Zulip Chat Archive

Stream: general

Topic: What's new in Lean 3


Kyle Miller (Mar 19 2022 at 20:22):

There have been a few Lean releases with new features, so I thought I'd give some abbreviated release notes. I'm skipping all the useful bug fixes and preparations for mathport, focusing instead on more visible changes. Mathlib is now on 3.42.0c.

Lean 3.42.0c

  • fix for the "unknown declaration" error when rebuilding oleans involving private definitions
  • add a noncomputable! modifier to completely inhibit VM compilation for definitions (replaces force_noncomputable)
  • add check that non-Prop theorems be noncomputable (so Lean will tip you off that you're going against the mathlib def_lemma linter)

Lean 3.41.0c

  • let sorry take an ignored tactic block, so sorry { ... } works to skip slow or incomplete subproofs
  • add options for controlling numeral pretty printing. set_option pp.numeral_types true adds type ascriptions to numerals. This is also controlled by the pp_numeral_type attribute, for example attribute [pp_numeral_type] fin.
  • make the noncomputability checker aware of computational irrelevance of parameters in constructors. (Now, for example, you can have computable instances for typeclasses with noncomputable parameters.)
  • add a search engine for finding relevant lemmas, for applications such as using external automated provers. (lean#696)

Lean 3.39.0c

  • add option pp.parens to cause the pretty printer to ignore precedence and print all parentheses

Lean 3.38.0c

  • make simp only use all congr lemmas
  • make simp not synthesize subsingleton instances, which introduce diamond issues
  • add special support for congruence lemmas for decidable instances

Lean 3.37.0c

  • improve simp's handling of out_param

Kevin Buzzard (Mar 19 2022 at 20:26):

Some experimentation seems to indicate that these features are all now available in mathlib right now -- am I right? This would be very cool because force_noncomputable is very popular in London. I see that mathlib's leanpkg.toml says lean_version = "leanprover-community/lean:3.42.0" but I'm a bit unsure about what the c means in Lean 3.42.0c.

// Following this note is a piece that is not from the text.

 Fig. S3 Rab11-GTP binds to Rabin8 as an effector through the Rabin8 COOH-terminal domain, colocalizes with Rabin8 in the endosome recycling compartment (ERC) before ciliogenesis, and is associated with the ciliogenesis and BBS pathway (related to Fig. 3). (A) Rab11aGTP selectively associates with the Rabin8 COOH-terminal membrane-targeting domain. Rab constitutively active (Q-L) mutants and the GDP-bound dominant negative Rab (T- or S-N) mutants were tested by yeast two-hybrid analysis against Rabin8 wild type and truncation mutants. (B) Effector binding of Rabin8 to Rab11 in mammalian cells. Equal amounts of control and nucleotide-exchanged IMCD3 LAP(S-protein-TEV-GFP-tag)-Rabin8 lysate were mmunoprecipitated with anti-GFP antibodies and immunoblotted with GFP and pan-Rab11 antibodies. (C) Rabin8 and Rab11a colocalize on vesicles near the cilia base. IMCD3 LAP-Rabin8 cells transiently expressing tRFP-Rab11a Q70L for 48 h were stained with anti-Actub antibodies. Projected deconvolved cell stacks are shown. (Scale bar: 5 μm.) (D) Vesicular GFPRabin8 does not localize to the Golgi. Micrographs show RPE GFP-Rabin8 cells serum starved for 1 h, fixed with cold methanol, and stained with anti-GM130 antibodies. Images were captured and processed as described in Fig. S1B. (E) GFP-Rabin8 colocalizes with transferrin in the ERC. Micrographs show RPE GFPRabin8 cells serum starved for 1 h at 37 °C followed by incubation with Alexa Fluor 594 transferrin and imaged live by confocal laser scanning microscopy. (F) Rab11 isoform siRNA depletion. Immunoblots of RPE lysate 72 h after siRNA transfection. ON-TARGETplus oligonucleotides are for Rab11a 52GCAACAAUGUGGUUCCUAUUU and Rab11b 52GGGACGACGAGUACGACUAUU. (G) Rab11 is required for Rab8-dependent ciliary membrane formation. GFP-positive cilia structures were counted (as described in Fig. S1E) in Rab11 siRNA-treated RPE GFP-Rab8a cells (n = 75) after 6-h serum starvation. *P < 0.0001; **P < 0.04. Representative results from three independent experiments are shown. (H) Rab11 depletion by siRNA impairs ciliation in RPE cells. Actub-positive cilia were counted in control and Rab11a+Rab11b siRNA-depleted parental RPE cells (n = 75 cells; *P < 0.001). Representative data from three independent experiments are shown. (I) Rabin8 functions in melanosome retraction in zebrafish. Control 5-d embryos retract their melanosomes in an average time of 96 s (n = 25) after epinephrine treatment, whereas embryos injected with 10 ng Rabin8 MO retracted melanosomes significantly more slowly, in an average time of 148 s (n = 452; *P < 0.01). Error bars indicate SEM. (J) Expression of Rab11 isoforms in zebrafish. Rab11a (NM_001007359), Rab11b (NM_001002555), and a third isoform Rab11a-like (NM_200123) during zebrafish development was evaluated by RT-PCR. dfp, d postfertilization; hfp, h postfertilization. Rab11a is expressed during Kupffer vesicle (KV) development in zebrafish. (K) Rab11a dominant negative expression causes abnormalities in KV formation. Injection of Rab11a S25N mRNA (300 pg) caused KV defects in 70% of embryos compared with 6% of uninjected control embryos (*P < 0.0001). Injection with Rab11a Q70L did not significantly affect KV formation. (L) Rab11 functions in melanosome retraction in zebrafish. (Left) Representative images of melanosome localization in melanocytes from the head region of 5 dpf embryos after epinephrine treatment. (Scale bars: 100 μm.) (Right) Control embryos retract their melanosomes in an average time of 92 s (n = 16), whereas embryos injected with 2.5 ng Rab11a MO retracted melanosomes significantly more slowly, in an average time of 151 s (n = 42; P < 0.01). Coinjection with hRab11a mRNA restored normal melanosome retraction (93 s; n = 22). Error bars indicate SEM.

Kyle Miller (Mar 19 2022 at 20:29):

I think that's the "c": leanprover-community/lean:3.42.0

Kevin Buzzard (Mar 19 2022 at 20:30):

Oh, c for community?

Johan Commelin (Mar 19 2022 at 20:30):

Right, it's a little marker to show that this is the forked version, not an MSR release.

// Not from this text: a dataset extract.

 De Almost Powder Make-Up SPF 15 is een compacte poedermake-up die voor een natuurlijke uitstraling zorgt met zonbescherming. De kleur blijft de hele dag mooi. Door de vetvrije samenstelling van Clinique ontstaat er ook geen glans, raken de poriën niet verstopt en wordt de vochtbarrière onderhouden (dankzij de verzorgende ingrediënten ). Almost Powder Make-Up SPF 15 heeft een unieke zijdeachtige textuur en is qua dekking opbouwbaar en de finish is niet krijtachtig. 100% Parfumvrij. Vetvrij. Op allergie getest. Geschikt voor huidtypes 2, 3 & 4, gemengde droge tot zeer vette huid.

Kevin Buzzard (Mar 19 2022 at 20:36):

I sometimes worry about what will happen when all these people who are populating the lean4 stream (and this is currently a really active stream, it's exciting to see) start saying "we want to use some of your mathlib stuff but not all of it so please start fragmenting". I remember pre-3.4.2 when the mathlib community were less in sync with the Lean developers and things were slightly more complicated. Since the fork the mathlib people and the Lean 3 people have been working together as one unit, essentially -- Kyle's post above is yet another example of this; many of these changes were inspired by mathlib. Right now we have got a super-efficient set-up, with development of difficult mathematics yielding subtle issues in core Lean (e.g. force_noncomputable) which are then fixed (e.g. with noncomputable!) and everyone is happy. Similarly there is a very smooth transition between the major developments which depend on mathlib (such as LTE) and mathlib itself, with the for_mathlib directories being ported when necessary. The Zulip makes this community super-smooth and functional. I am unclear about for how long we can live in this nirvana.

Arthur Paulino (Mar 19 2022 at 20:50):

I've seen myself in this situation of needing "just this little bit of Mathlib4" a few times. Sometimes I add Mathlib4 as a dependency and sometimes I just sorry out some theorems or state them as axioms.

I think Lean 4 (and Lake) will be powerful enough to download just enough of the dependencies. Right now, It's a bit weird to download thousands of files when the main code has just a handful of them.